● Activity: Give again, word for word, each line below starting at the one that contains "(1) صحيح: أخرجه" and ending at the one that contains "授牌儀式上,喬建民宣讀了中華".

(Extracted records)

○ ○ ○ ○

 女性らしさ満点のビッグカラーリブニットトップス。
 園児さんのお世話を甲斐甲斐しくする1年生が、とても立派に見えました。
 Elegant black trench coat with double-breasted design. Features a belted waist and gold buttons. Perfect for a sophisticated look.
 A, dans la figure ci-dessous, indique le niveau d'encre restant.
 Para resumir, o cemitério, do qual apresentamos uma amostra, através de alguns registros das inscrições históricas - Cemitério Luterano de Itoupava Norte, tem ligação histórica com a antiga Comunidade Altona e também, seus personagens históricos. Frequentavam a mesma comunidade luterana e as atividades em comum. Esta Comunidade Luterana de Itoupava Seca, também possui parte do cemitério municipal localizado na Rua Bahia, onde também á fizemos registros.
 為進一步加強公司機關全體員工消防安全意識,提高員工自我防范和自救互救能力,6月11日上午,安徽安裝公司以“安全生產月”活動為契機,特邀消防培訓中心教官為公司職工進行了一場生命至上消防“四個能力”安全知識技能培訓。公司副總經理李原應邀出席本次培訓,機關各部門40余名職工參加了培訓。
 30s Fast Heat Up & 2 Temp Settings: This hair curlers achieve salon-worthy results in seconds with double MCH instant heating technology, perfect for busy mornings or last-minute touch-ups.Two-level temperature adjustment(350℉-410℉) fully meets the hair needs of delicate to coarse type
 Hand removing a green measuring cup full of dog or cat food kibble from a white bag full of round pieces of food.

○ ○ ○ ○

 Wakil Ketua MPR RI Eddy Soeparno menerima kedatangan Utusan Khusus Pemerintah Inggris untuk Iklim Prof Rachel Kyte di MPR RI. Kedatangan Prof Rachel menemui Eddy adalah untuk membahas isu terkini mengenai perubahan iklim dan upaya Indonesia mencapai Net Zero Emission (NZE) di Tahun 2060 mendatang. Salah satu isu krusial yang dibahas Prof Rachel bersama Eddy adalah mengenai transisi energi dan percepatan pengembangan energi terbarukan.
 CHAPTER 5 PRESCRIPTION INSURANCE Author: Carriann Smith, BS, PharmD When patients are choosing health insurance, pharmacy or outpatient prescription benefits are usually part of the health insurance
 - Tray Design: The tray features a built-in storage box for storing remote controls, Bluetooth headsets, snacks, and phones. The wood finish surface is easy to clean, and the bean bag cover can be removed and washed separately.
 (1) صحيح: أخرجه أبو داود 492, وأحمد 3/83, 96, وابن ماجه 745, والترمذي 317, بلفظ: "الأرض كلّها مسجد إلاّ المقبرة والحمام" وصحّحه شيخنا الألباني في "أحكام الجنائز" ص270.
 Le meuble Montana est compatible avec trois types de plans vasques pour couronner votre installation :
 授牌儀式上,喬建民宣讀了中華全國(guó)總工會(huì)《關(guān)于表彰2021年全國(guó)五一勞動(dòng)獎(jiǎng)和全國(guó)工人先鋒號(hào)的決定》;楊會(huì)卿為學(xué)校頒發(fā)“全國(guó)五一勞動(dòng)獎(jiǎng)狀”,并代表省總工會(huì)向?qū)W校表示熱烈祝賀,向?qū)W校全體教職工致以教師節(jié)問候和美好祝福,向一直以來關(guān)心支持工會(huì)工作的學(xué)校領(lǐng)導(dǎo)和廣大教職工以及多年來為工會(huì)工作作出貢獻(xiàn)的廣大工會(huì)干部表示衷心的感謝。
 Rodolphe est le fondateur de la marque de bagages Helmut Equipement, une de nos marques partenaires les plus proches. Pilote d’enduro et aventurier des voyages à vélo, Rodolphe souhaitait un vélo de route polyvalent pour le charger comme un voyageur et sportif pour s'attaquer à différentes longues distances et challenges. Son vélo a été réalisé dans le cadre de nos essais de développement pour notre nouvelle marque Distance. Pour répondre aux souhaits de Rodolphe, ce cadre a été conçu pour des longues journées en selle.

○ ○ ○ ○

● Response to the exercise:
 (1) صحيح: أخرجه أبو داود 492, وأحمد 3/83, 96, وابن ماجه 745, والترمذي 317, بلفظ: "الأرض كلّها مسجد إلاّ المقبرة والحمام" وصحّحه شيخنا الألباني في "أحكام الجنائز" ص270.
 Le meuble Montana est compatible avec trois types de plans vasques pour couronner votre installation :
 授牌儀式上,喬建民宣讀了中華全國(guó)總工會(huì)《關(guān)于表彰2021年全國(guó)五一勞動(dòng)獎(jiǎng)和全國(guó)工人先鋒號(hào)的決定》;楊會(huì)卿為學(xué)校頒發(fā)“全國(guó)五一勞動(dòng)獎(jiǎng)狀”,并代表省總工會(huì)向?qū)W校表示熱烈祝賀,向?qū)W校全體教職工致以教師節(jié)問候和美好祝福,向一直以來關(guān)心支持工會(huì)工作的學(xué)校領(lǐng)導(dǎo)和廣大教職工以及多年來為工會(huì)工作作出貢獻(xiàn)的廣大工會(huì)干部表示衷心的感謝。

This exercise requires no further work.